In the bottom of a sandy hole lay something that had once been human. The face had suffered severely, and it was unrecognisable; but that was not required. The snowy hair, the coat of marten, the ventilating cloth, the hygienic flannel—everything down to the health boots from Messrs. Dall and Crumbie’s, identified the body as that of Uncle Joseph. Only the forage-cap must have been lost in the convulsion, for the dead man was bare-headed.

“The poor old beggar!” said John, with a touch of natural feeling; “I would give ten pounds if we hadn’t chivied him in the train!”

But there was no sentiment in the face of Morris as he gazed upon the dead. Gnawing his nails, with introverted eyes, his brow marked with the stamp of tragic indignation and tragic intellectual effort, he stood there silent. Here was a last injustice; he had been robbed while he was an orphan at school, he had been lashed to a decadent leather business, he had been saddled with Miss Hazeltine, his cousin had been defrauding him of the tontine, and he had borne all this, we might almost say, with dignity, and now they had gone and killed his uncle!

“Here!” he said suddenly, “take his heels, we must get him into the woods. I’m not going to have anybody find this.”

“O, fudge!” said John, “Where’s the use?”

“Do what I tell you,” spirted Morris, as he took the corpse by the shoulders. “Am I to carry him myself?”

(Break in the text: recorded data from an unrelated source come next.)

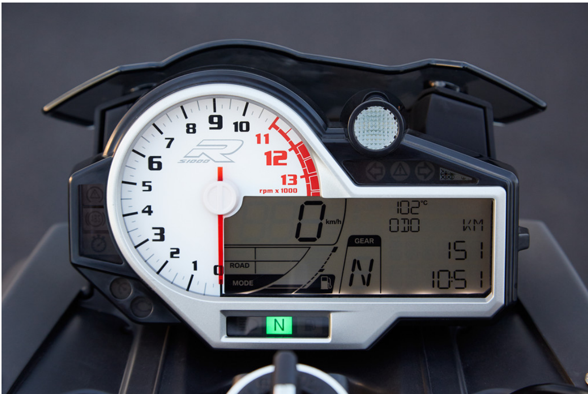
BMW S 1000 R.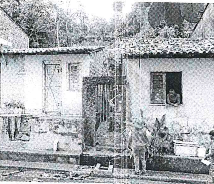
Equipe da Defesa Civil percorreu a Rua Thomaz de Aquino, no Sá Viana

dados do Centro Nacional de Monitoramento e Alertas de Desastres Naturais (Cemaden) serão reavaliados pela Semusc e Defesa Civil. A expectativa é de que após os casos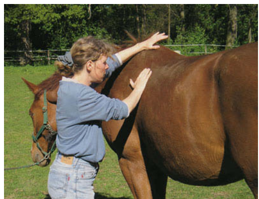
► Abb. 7.7 Mobilisation des Kostotransversalgelenks T9 links.

Eine optimal effektive Facettengelenks- und Rippengelenksseparation erhält man durch folgenden Handgriff (► Abb. 7.8): Schmiegen Sie Ihren Unterarm um die Gurtlage am Bauch an, drehen Sie den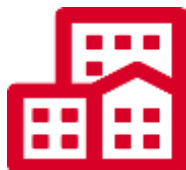
Профильная научно-исследовательская организация (НИИ) (11)

Шаг 2. 3 дня. НИИ направляет в РО: 1. Ходатайство 2. Копию удост. личности 3. Выписку из истории болезни 4. Заключение ВКК 5. Заключение НИИ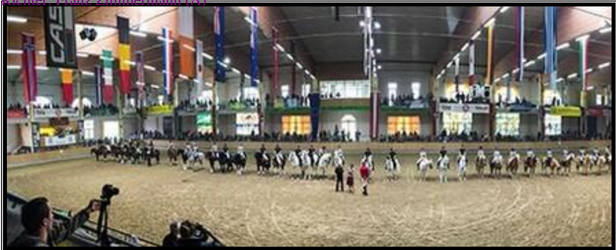
Einblick in die Veranstaltungshalle Stadl Paura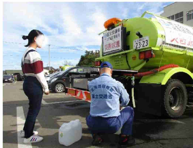
散水車(給水装置付)による給水支援 (宮城県丸森町 館矢間小学校)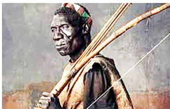
Mmoja wa wazee wa kisukuma

Walipofika kwenye himaya ya mtemi wakiwa salama, walimkuta Mwanamalundi amemaliza kula chakula chao na anaondoka. Ilibidi mtemi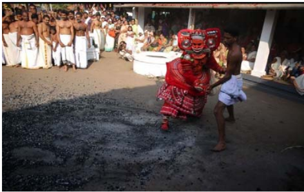
മേലേരി തട്ടൽ അവസാനം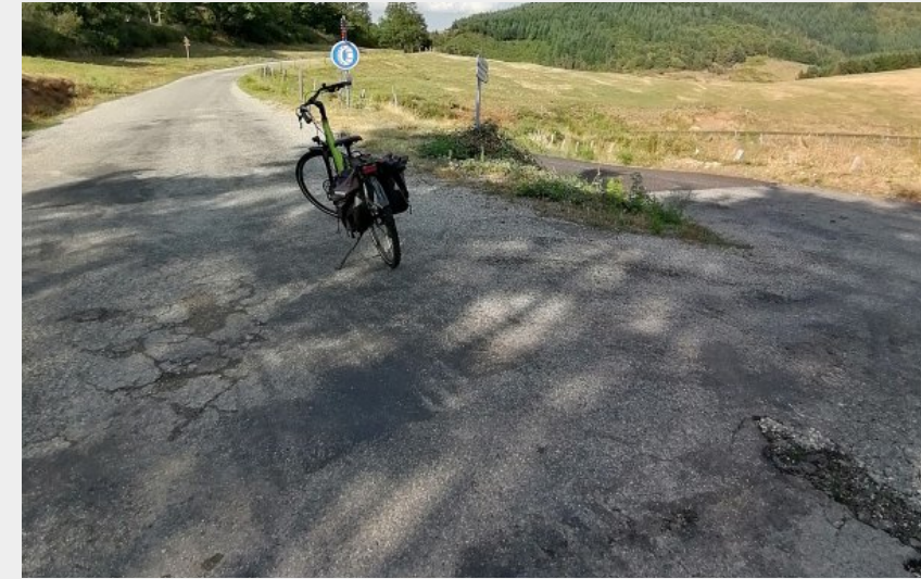
Col de Fontfreyde (Laurence Leroy)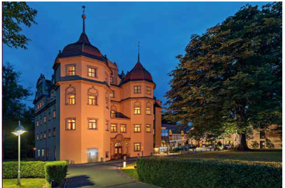
In Schloss Althörnitz bei Zittau ist Oberlausitzer Geschichte lebendig.

Anmutig eingebettet in eine weitläufige Parklandschaft, befindet sich am östlichsten Punkt Sachsens im Dreiländereck das Schlosshotel Althörnitz. Zwei stolz in den Himmel ragende Renaissancetürme begrüßen die Gäste am Schlosseingang. Hinter den historischen Mauern laden 75 verwinkelte Zimmer zum Verweilen ein. Ein Hauch Schlossgeschichte und frisch zubereitete Spezialitäten aus der Region hält das Restaurant »Hörnitzer Schlosstube« bereit.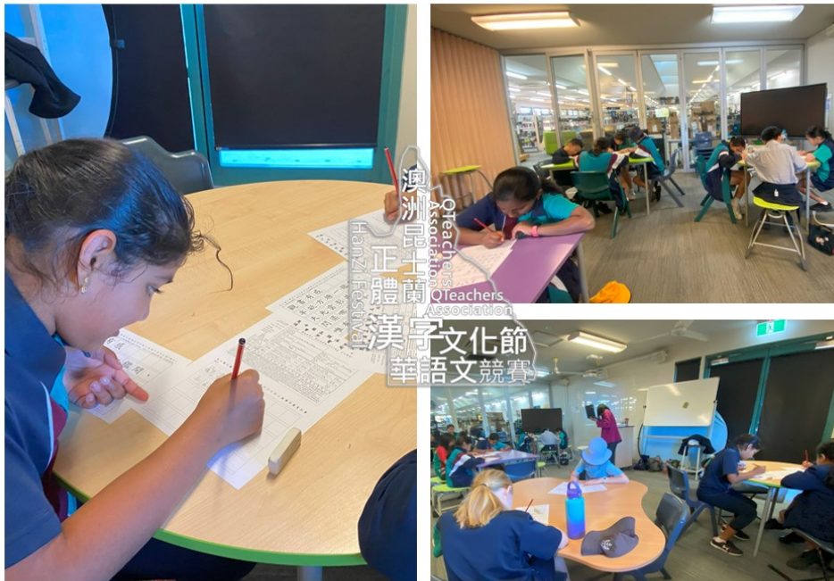
昆士蘭2024正體漢字文化節硬筆字書寫3

They were close upon the borders of the wood; in ten or twelve paces they were under cover; and a little farther back, in a sandy clearing of the trees, they laid their burthen down, and stood and looked at it with loathing.

“What do you mean to do?” whispered John.

“Bury him, to be sure!” responded Morris, and he opened his pocket-knife and began feverishly to dig.

“You’ll never make a hand of it with that,” objected the other.